Your objective: Where a record contains an image, leave the image out and print the rest exactly.
Excerpted records below:
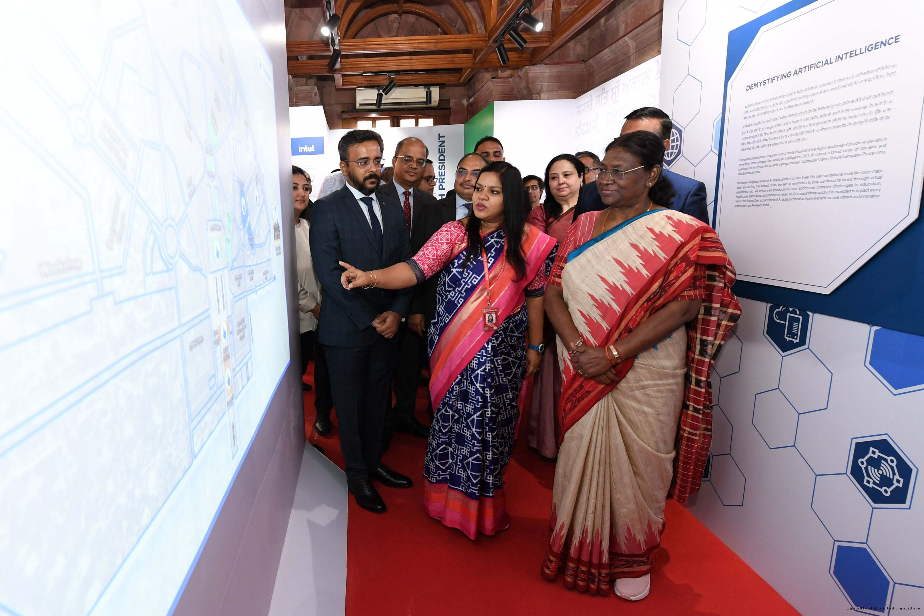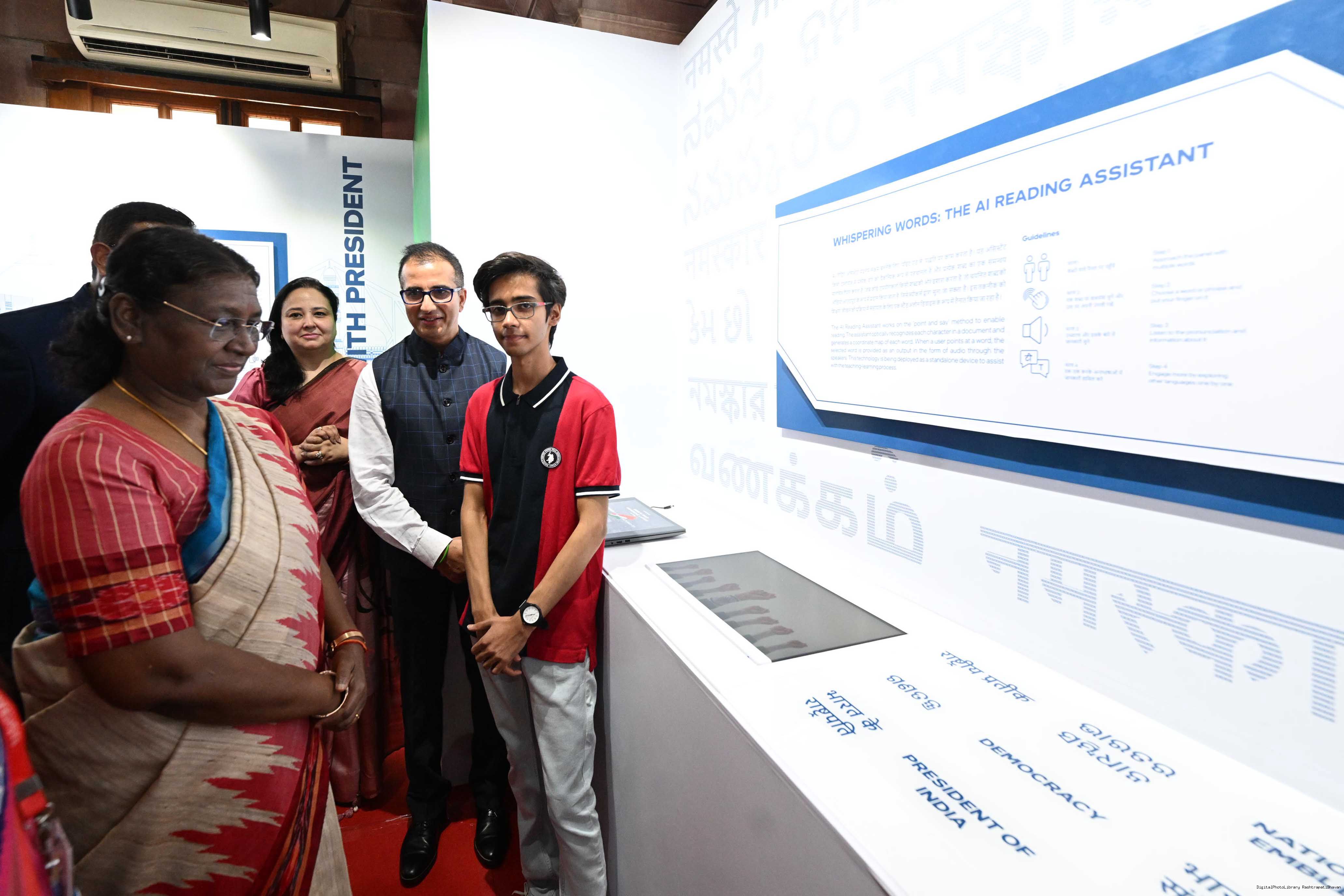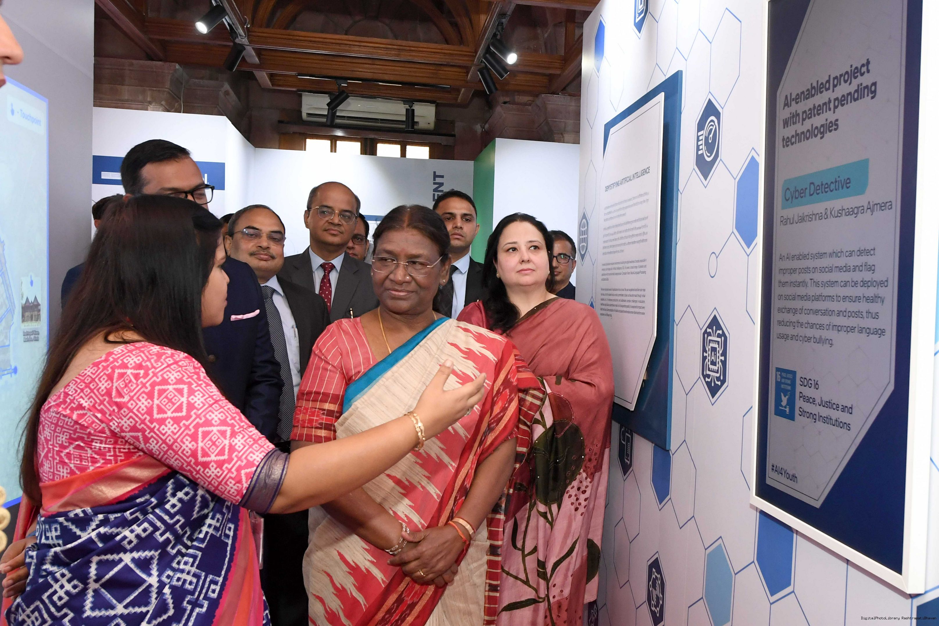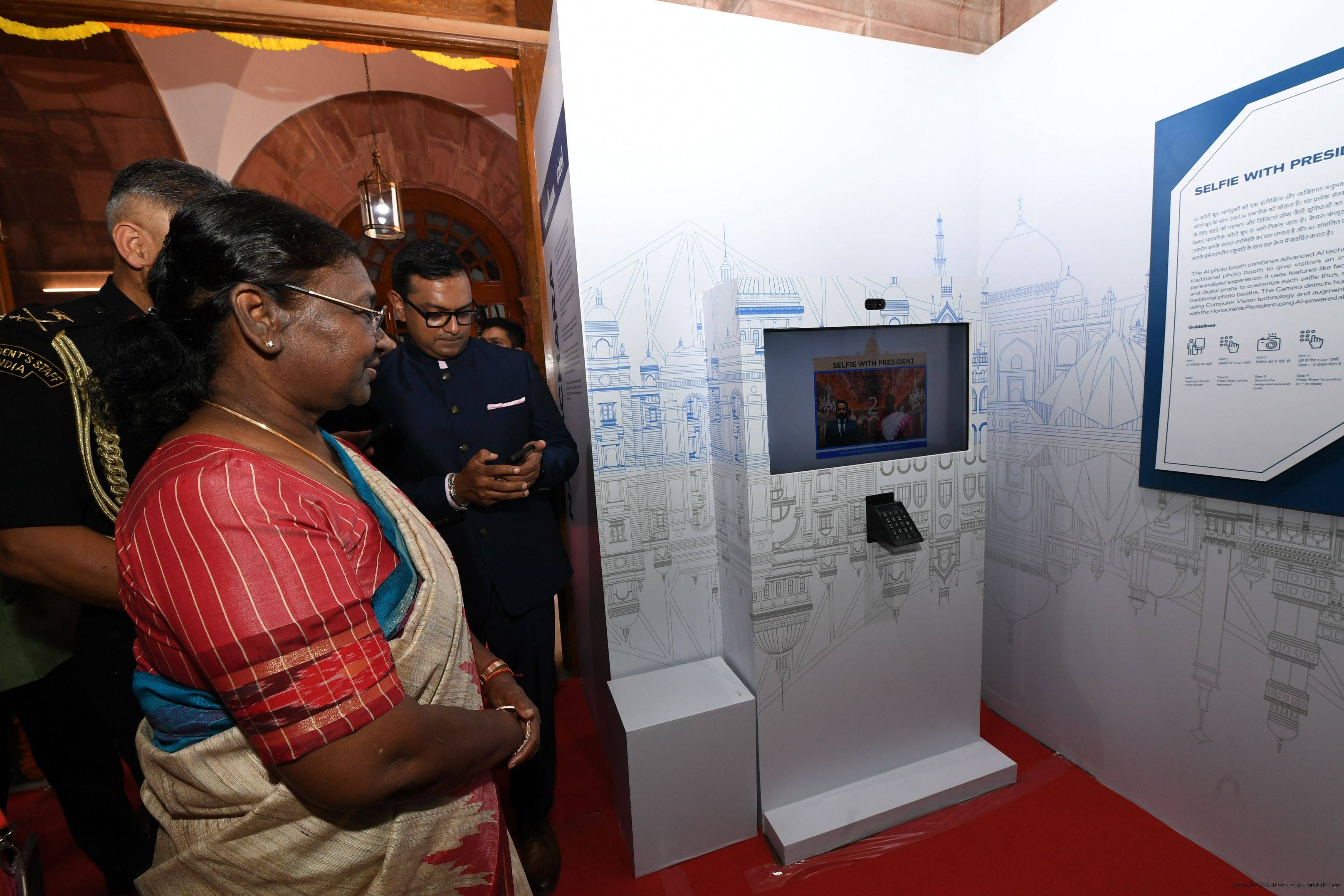 | Caption: | The President of India, Smt. Droupadi Murmu Visited Navachar AI Gallery at Rashtrapati Bhavan on July 25, 2023. |
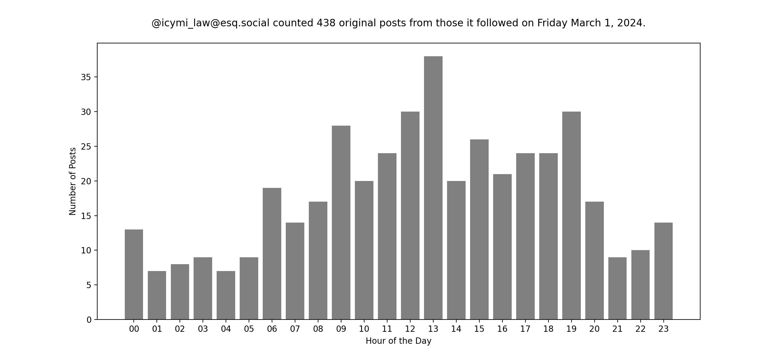Of course, these insights are all thanks to a community of users, namely the folks I follow over at @icymi_law@esq.social. For fun, here's a look at their posting traffic yesterday. I like trying to create stories about the daily ups and downs. What is that bump? ;)Search
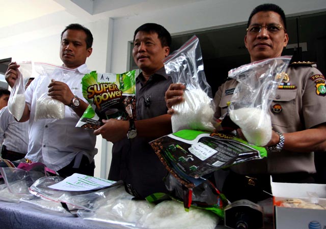 Polda Metro Jaya menggelar barang bukti sabu yang disita dari jaringan pengedar narkoba internasional, Kamis (27/10/2011). Selain itu, Polda Metro juga memperlihatkan para tersangka.
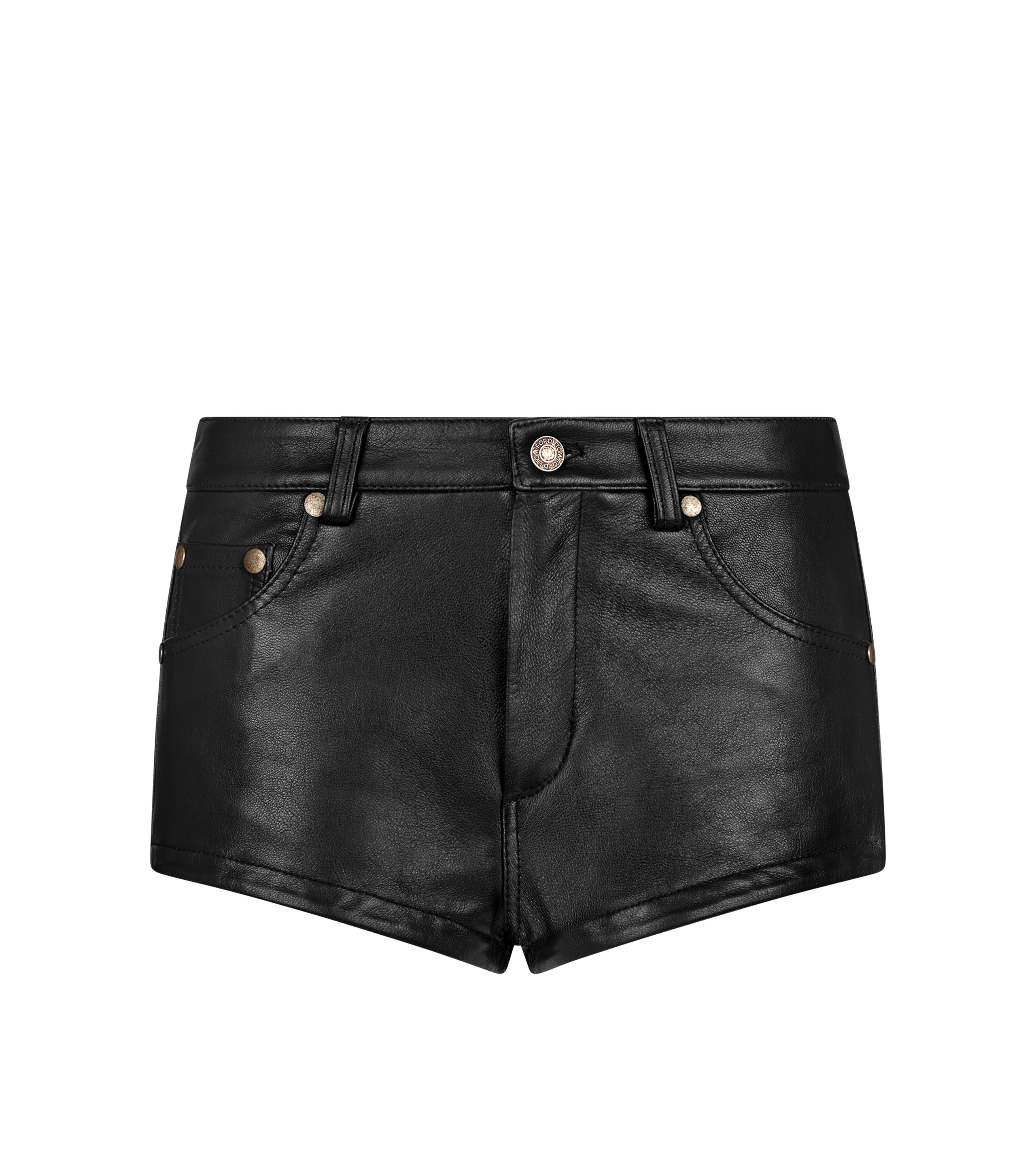 - LEATHER MINI SHORTS - LOOPED WAISTBAND - 5 POCKETS STYLE - TOM FORD SIGNATURE TACK BUTTON CLOSURE AND RIVETS - LINING: 73% ACETATE 27% SILK - CRAFTED IN SHINY GOAT PLONGE - 100% GOAT LEATHER
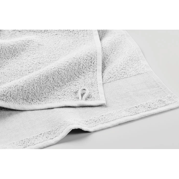 Ręcznik kąpielowy wykonany w 100% z bawełny o gramaturze 380 gr/m² z bawełnianą pętelką do zawieszenia. Miękka i chłonna konstrukcja.
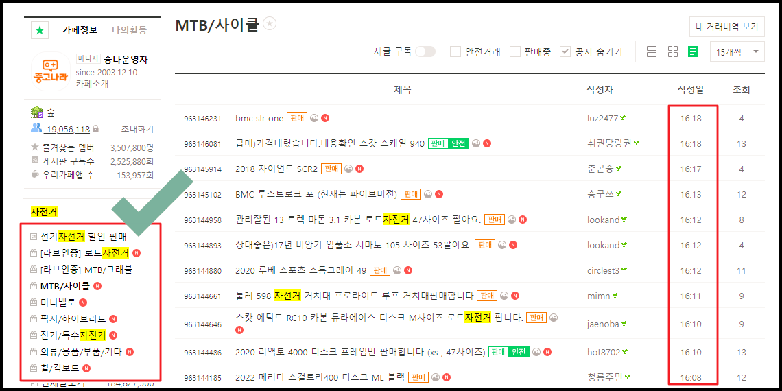 산악용, 로드용, 전기자전거, 미니 등 여러 가지 종류의 매물을 찾아볼 수 있도록 각자 직거래장터 게시판이 마련되어 있어서 이용하기에 편해요.
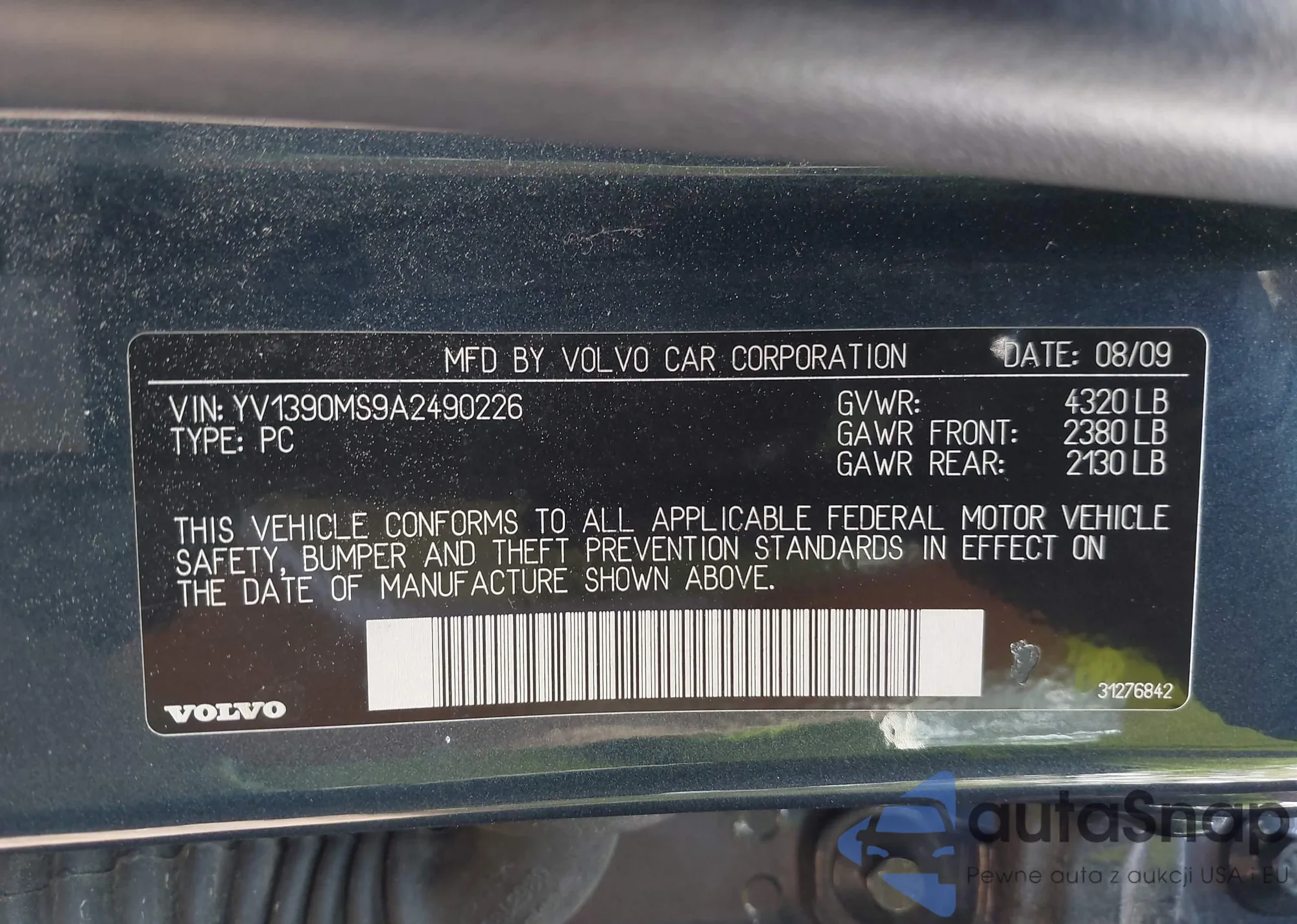 LOT: 42234235 VIN: YV1390MS9A2490226
End of Excerpted records.
Finished task:
 | Caption: | The President of India, Smt. Droupadi Murmu Visited Navachar AI Gallery at Rashtrapati Bhavan on July 25, 2023. |
Of course, these insights are all thanks to a community of users, namely the folks I follow over at @icymi_law@esq.social. For fun, here's a look at their posting traffic yesterday. I like trying to create stories about the daily ups and downs. What is that bump? ;)Search
 Polda Metro Jaya menggelar barang bukti sabu yang disita dari jaringan pengedar narkoba internasional, Kamis (27/10/2011). Selain itu, Polda Metro juga memperlihatkan para tersangka.
 - LEATHER MINI SHORTS - LOOPED WAISTBAND - 5 POCKETS STYLE - TOM FORD SIGNATURE TACK BUTTON CLOSURE AND RIVETS - LINING: 73% ACETATE 27% SILK - CRAFTED IN SHINY GOAT PLONGE - 100% GOAT LEATHER
 Ręcznik kąpielowy wykonany w 100% z bawełny o gramaturze 380 gr/m² z bawełnianą pętelką do zawieszenia. Miękka i chłonna konstrukcja.
 산악용, 로드용, 전기자전거, 미니 등 여러 가지 종류의 매물을 찾아볼 수 있도록 각자 직거래장터 게시판이 마련되어 있어서 이용하기에 편해요.
 LOT: 42234235 VIN: YV1390MS9A2490226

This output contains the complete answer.